Los extraños puntos de sutura del amiguito de Nicolás :) me hicieron recordar lo que yo misma pensaba hace muchos, muchos años… Recuero cómo me gustaba que mi abuelo me llevara “a ver los trenes”. La Estación del Norte de Valencia era uno de sus destinos preferidos cuando nos llevaba a pasear.
Entrar por la puerta y ver los mosaicos que desean “Buen Viaje” a todos los viajeros provocaba en mí placer y terror a partes iguales.
Placer, porque ya entonces, sin haber viajado apenas, me encantaba el olor de las estaciones.
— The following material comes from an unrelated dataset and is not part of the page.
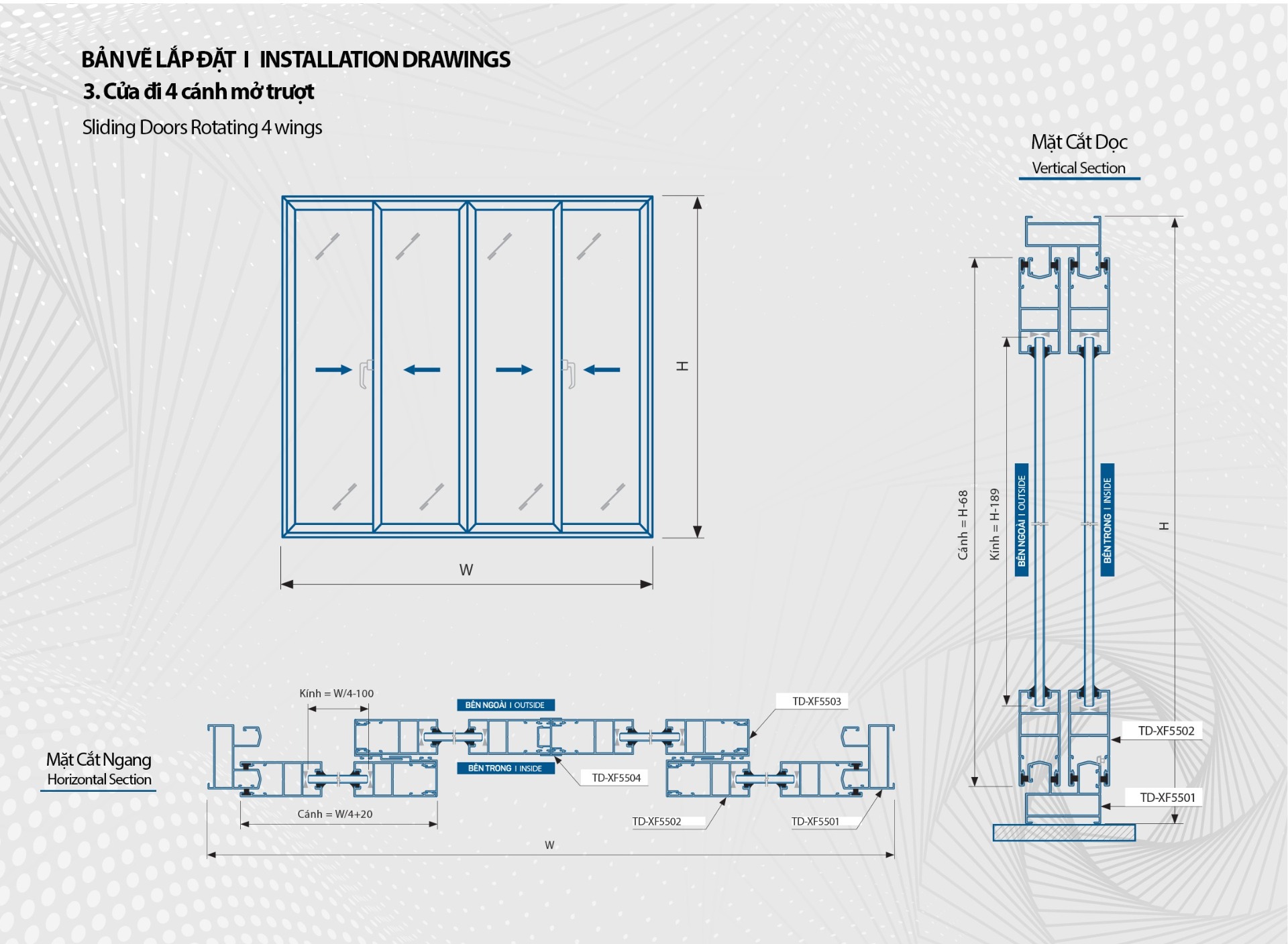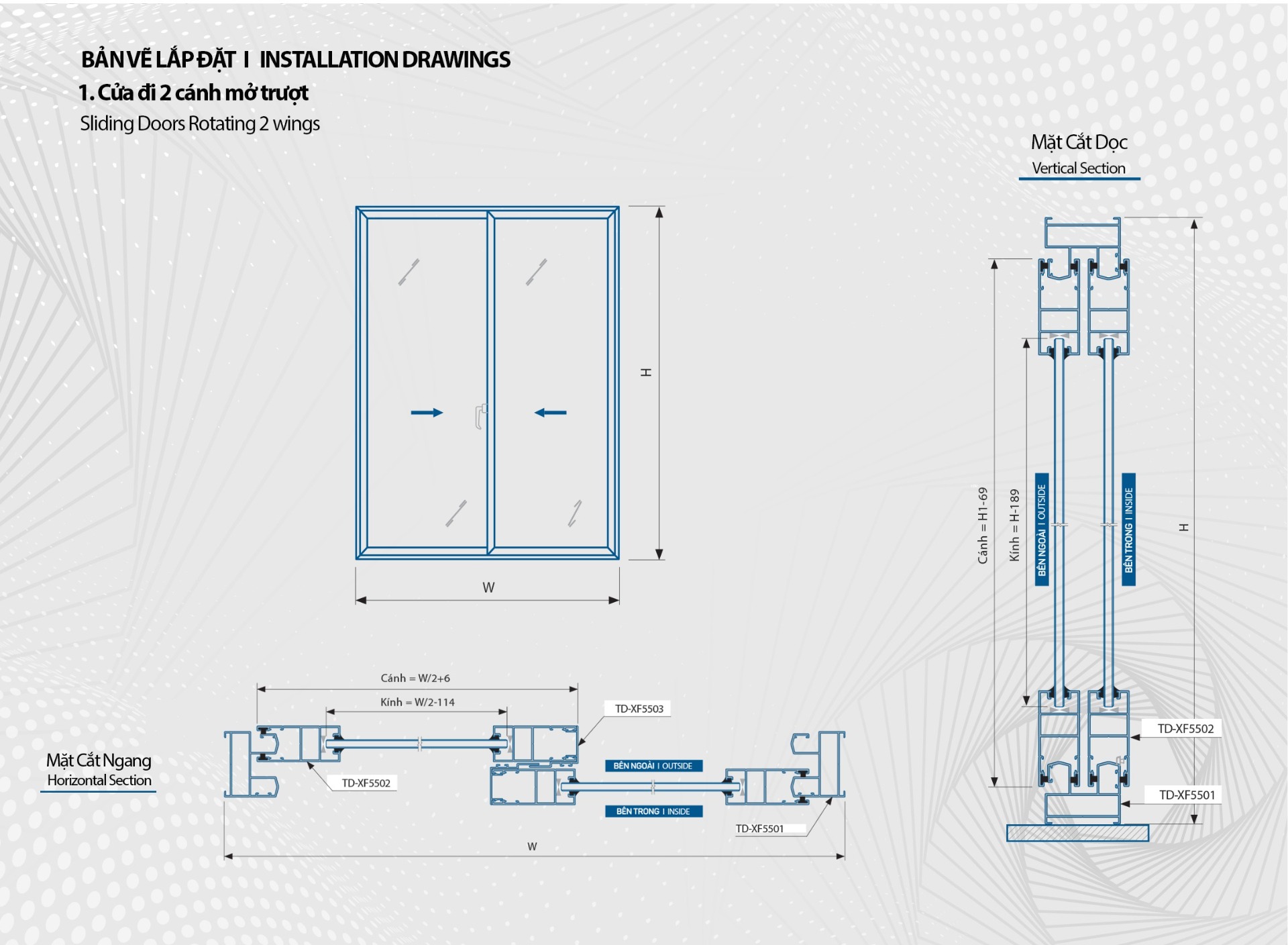 Các mẫu cửa trượt XTDA 55 ứng dụng trong thiết kế cửa đi và cửa sổ, có kết cấu gọn nhẹ, sử dụng nhẹ nhàng, thuận tiện.

Terror, porque para mí las palabras “no nos dejes caer en la tentación” que repetía cada noche, mientras rezaba antes de dormirme, significaban en realidad “no nos dejes caer en la estación”. Y mientras caminaba por los andenes, apretaba con más fuerza la mano de sólo tres dedos de mi abuelo, temiendo que en cualquier momento el suelo se abriera bajo nuestros pies.

viernes, 23 de octubre de 2009

Sandra

Eran las tres menos cinco de un precioso día de primavera. Estaba rodeada de niñas que, como yo, esperaban el momento de subir las escaleras y entrar en las aulas.
Yo no me había fijado en ella, no sé cuánto tiempo llevaba observándome, pero de repente tiró de mi manga y me dijo algo que no pude oir: eran muchas las risas y demasiadas las voces. Casi imposible escuchar la de una niña tan pequeña.
Me agaché y ella repitió:
- ¿Por qué estás tan triste?
- No estoy triste.
- Sí lo estás. -Afirmó ella. Y preguntó- ¿Puedo darte un beso?
Casi sin esperar mi respuesta lo hizo. Me rodeó con sus bracitos y dejó un beso en mi mejilla.
Ya eran las tres. Corrió hacia su fila y se perdió entre los cientos de niñas uniformadas que entraban en sus clases.

No tendría más de cinco años. Yo tenía diez más que ella. Y sí, estaba triste. Aunque no pensaba que fuera tan evidente.
Desde aquel día, cada tarde me buscó para darme un beso antes de irse a su clase.
Sólo sé que se llamaba Sandra. Y que me alegró aquel final de curso.

Me pregunto qué será de ella...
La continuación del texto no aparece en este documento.